> [Exercise]:
Each line of the data must reappear exactly in your answer, with no images included.

> [The data]:
▶

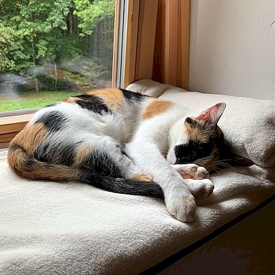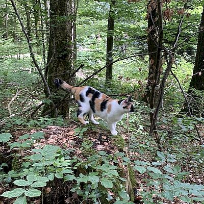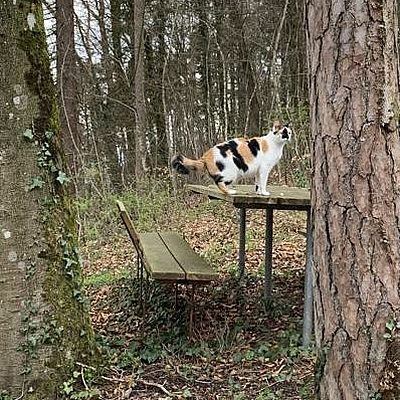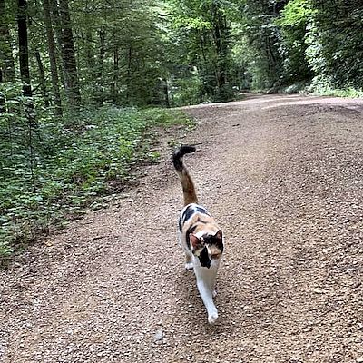Es gab eine Wartefrist mit „alleine" den Wald zu erkunden. Es gibt auch andere Mitbewohner im Wald, doch in der Zwischenzeit macht es Sally super. Einmal sah ich ein Reh weg springen und Sally hinterher, mit dickem Schwanz kam Sally zu mir und teilte mir mit was Sie erlebt hat. Sally darf den ganzen Tag draussen sein. Das Spannende ist, wenn es langsam dunkel wird kommt sie Heim und bleibt die ganze Nacht im Haus und schläft, wo es Ihr grad gefällt Okay, nachts ist das Katzentürli blockiert, das Risiko mit Fuchs und Marder gehe ich nicht ein. Wenn es hell wird darf Sally natürlich sofort raus.
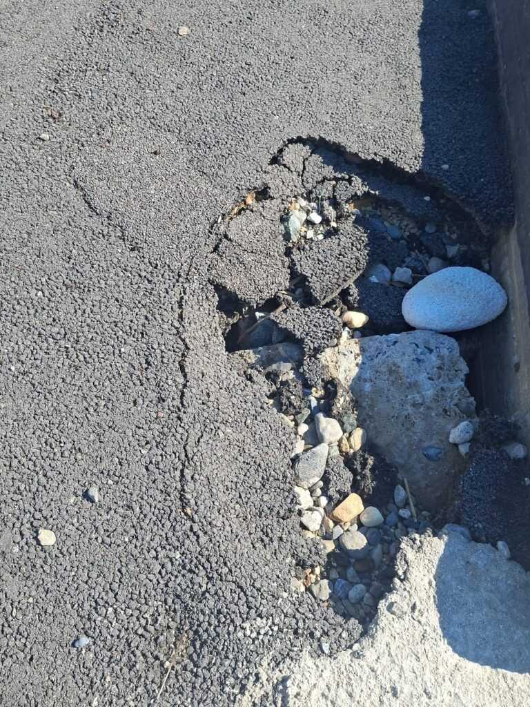 Ιδιαίτερη ανησυχία προκαλούν και τα σημεία όπου το έδαφος έχει υποχωρήσει, δημιουργώντας επικίνδυνες συνθήκες για κατοίκους και επισκέπτες. Χαρακτηριστική είναι η κατάσταση στο σημείο του γεφυριού, όπου – όπως έχει ήδη παραδεχθεί δημόσια η δημοτική αρχή – υπήρξε αστοχία στην αποκατάσταση.
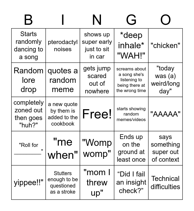 This bingo card has a free space and 24 words: "me when", Stutters enough to be questioned as a stroke, gets jump scared out of nowhere, yippee!!", "chicken", Starts randomly dancing to a song, Random lore drop, pterodactyl noises, starts showing random memes/videos, "Womp womp", screams about a song she's listening to being there at the wrong time, completely zoned out then goes "huh?", Ends up on the ground at least once, says something super out of context, quotes a random meme, “Did I fail an insight check?”, "AAAAA", shows up super early just to sit in car, "today was (a) weird/long day", a new quote by them is added to the cookbook, Technical difficulties, "Roll for _________", *deep inhale* "WAH!" and "mom I threw up".
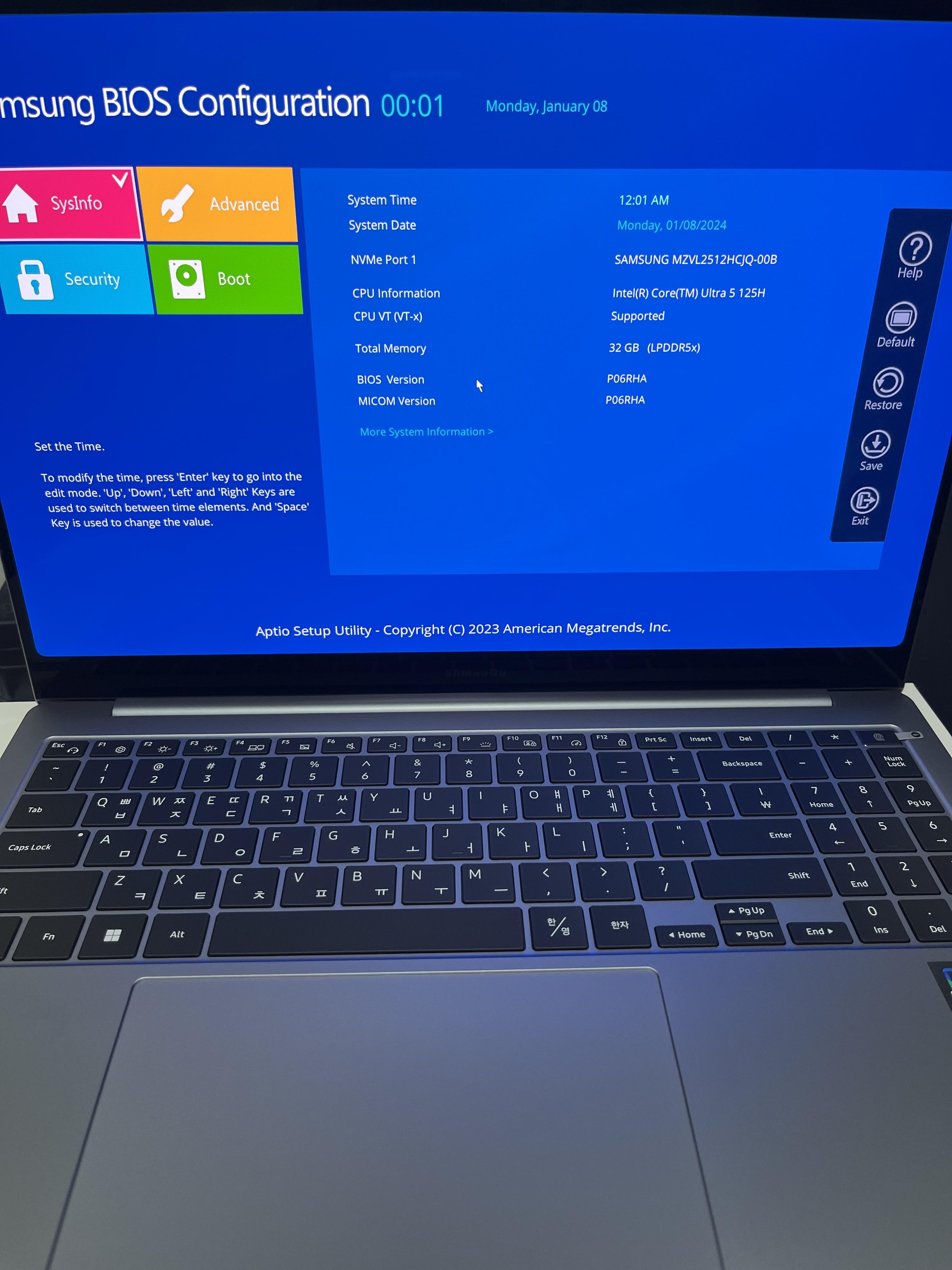 CMOS 에 들어가보면 구매한 모델 스펙이 적혀 있다.

◀

> [Exercise answer]:
Es gab eine Wartefrist mit „alleine" den Wald zu erkunden. Es gibt auch andere Mitbewohner im Wald, doch in der Zwischenzeit macht es Sally super. Einmal sah ich ein Reh weg springen und Sally hinterher, mit dickem Schwanz kam Sally zu mir und teilte mir mit was Sie erlebt hat. Sally darf den ganzen Tag draussen sein. Das Spannende ist, wenn es langsam dunkel wird kommt sie Heim und bleibt die ganze Nacht im Haus und schläft, wo es Ihr grad gefällt Okay, nachts ist das Katzentürli blockiert, das Risiko mit Fuchs und Marder gehe ich nicht ein. Wenn es hell wird darf Sally natürlich sofort raus.
 Ιδιαίτερη ανησυχία προκαλούν και τα σημεία όπου το έδαφος έχει υποχωρήσει, δημιουργώντας επικίνδυνες συνθήκες για κατοίκους και επισκέπτες. Χαρακτηριστική είναι η κατάσταση στο σημείο του γεφυριού, όπου – όπως έχει ήδη παραδεχθεί δημόσια η δημοτική αρχή – υπήρξε αστοχία στην αποκατάσταση.
 This bingo card has a free space and 24 words: "me when", Stutters enough to be questioned as a stroke, gets jump scared out of nowhere, yippee!!", "chicken", Starts randomly dancing to a song, Random lore drop, pterodactyl noises, starts showing random memes/videos, "Womp womp", screams about a song she's listening to being there at the wrong time, completely zoned out then goes "huh?", Ends up on the ground at least once, says something super out of context, quotes a random meme, “Did I fail an insight check?”, "AAAAA", shows up super early just to sit in car, "today was (a) weird/long day", a new quote by them is added to the cookbook, Technical difficulties, "Roll for _________", *deep inhale* "WAH!" and "mom I threw up".
 CMOS 에 들어가보면 구매한 모델 스펙이 적혀 있다.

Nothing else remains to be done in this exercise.